- 30.1% US Python Code is written by AI coding assistants
- More recent developers are even more likely to use AI
- Technological companies also use more code generated by AI
A new research document entitled “which uses AI to code? The overall distribution and the impact of the generating AI” have found that American software developers are the most intensive users of AI coding assistants in the world.
In December 2024, artificial intelligence would have generated almost one in three Python function (30.1%) by American developers on Github.
This puts American developers in front of their global counterparts in terms of AI use, with countries like German (24.3%), France (23.2%), India (21.6%), Russia (15.4%) and China (11.7%) on the trained.
American developers use the most AI coding assistants
Researchers have also noted that more experienced developers are less likely to use AI (28%) compared to new users of Github (41%) which could be more receptive to the latest additions of the platform.
Despite its enormous productivity promises, AI does not seem to have had such a great impact.
The 30% move of code generated by AI is correlated only with an increase of 2.4% of quarterly commits.

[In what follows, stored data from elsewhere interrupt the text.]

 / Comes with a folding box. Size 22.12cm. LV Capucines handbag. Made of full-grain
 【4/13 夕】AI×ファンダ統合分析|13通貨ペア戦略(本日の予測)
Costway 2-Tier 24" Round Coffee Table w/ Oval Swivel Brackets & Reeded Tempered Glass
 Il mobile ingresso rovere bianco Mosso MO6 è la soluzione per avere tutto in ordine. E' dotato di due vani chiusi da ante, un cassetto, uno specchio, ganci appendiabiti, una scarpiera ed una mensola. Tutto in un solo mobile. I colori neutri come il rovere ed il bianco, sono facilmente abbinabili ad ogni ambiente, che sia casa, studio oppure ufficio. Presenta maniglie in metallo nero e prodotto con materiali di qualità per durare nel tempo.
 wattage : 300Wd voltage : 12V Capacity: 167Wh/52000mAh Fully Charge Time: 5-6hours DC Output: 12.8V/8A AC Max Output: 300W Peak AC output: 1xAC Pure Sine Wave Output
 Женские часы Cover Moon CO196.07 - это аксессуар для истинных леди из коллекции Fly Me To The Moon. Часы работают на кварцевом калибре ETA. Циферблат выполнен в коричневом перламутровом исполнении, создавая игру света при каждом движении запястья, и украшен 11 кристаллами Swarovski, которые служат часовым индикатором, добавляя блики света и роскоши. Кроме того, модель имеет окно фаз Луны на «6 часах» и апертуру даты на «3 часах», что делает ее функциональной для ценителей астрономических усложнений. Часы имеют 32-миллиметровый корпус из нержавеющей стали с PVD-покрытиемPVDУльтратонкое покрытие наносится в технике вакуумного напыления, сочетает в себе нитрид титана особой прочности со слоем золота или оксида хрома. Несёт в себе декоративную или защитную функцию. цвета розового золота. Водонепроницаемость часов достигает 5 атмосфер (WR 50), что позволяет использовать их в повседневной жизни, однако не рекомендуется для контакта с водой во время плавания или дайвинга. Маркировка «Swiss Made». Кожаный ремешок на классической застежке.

The researchers grant the economic value of the AI assisted coding in the United States to $ 9.6 billion and $ 96 billion a year, according to realistic productivity gains observed.

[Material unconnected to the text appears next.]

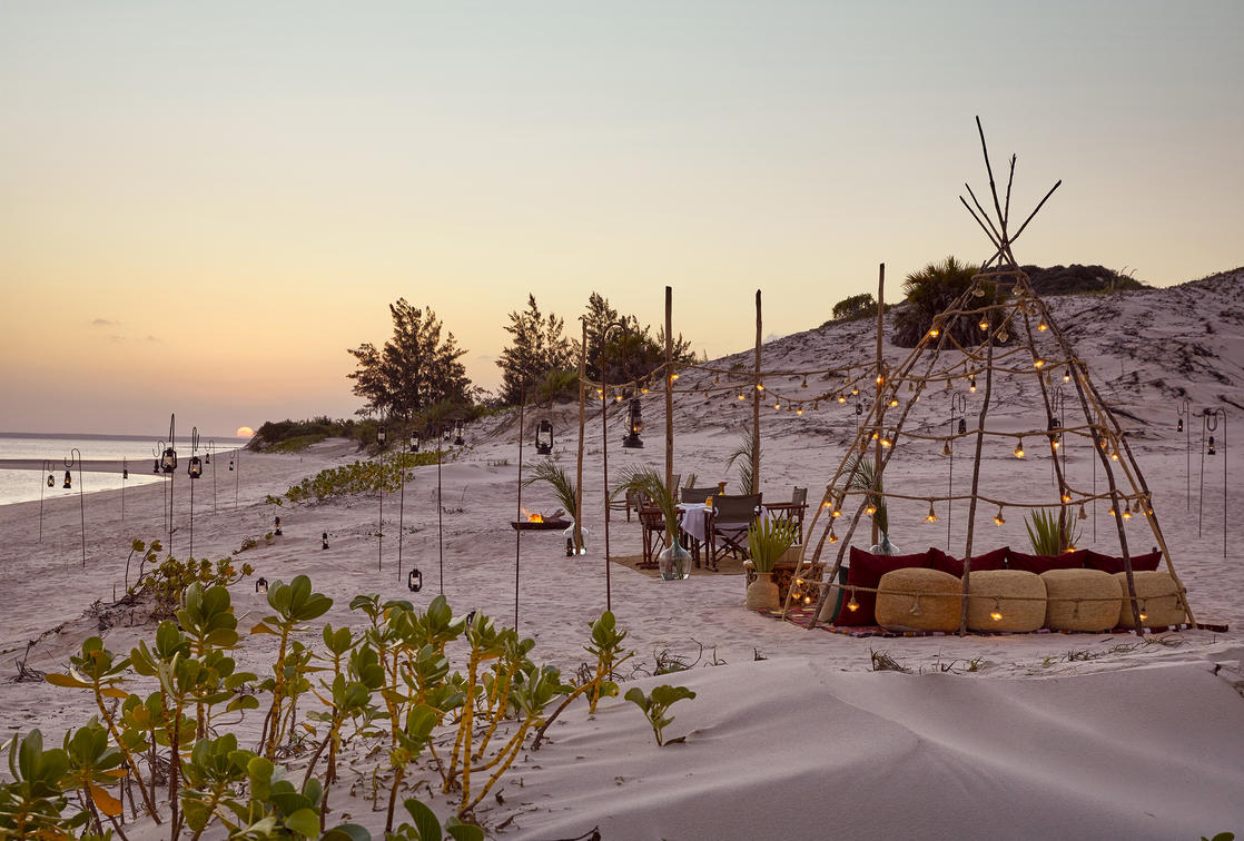 Walk along the Indian Ocean at dusk, and enjoy sunset cocktails on Benguerra Island’s Red Dune.
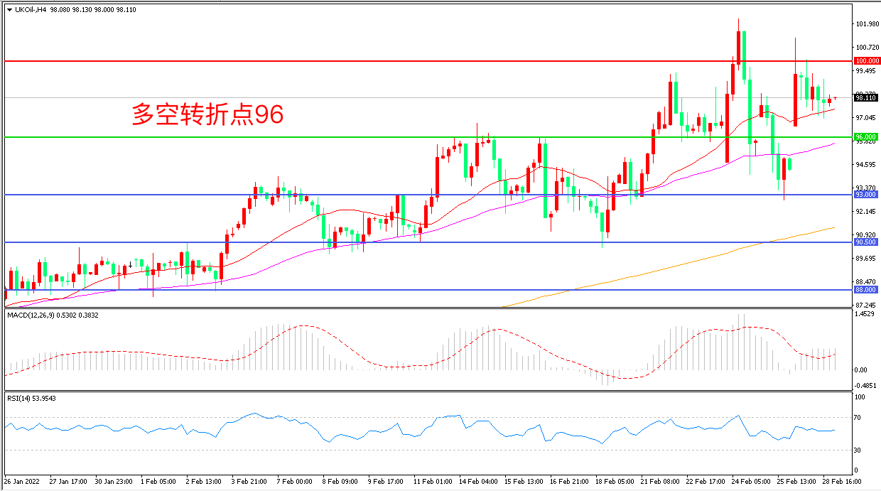 交易策略:在96.00之上看涨,目标100.00 103.00

However, Daniotti et al noted for the use of AI could be linked to greater experimentation, with a 2.2% increase in new libraries and a 3.5% increase in new combinations of libraries observed, suggesting that technology could help developers develop in new programming areas.
The trend is correlated with large technological companies such as Google, Meta and Microsoft, which now admit that a large proportion (up to approximately a third) of their code, depending on the project and the use case, is generated by AI.
However, in the case of this study, the researchers admitted that the analysis focuses exclusively on open-source Python projects on Github, so the model actually assumes that the rates of use of AI in Python are observed in other languages.
However, they hope that quantified research could help AI skeptics to make better informed decisions about how they are used and its effects on the labor market.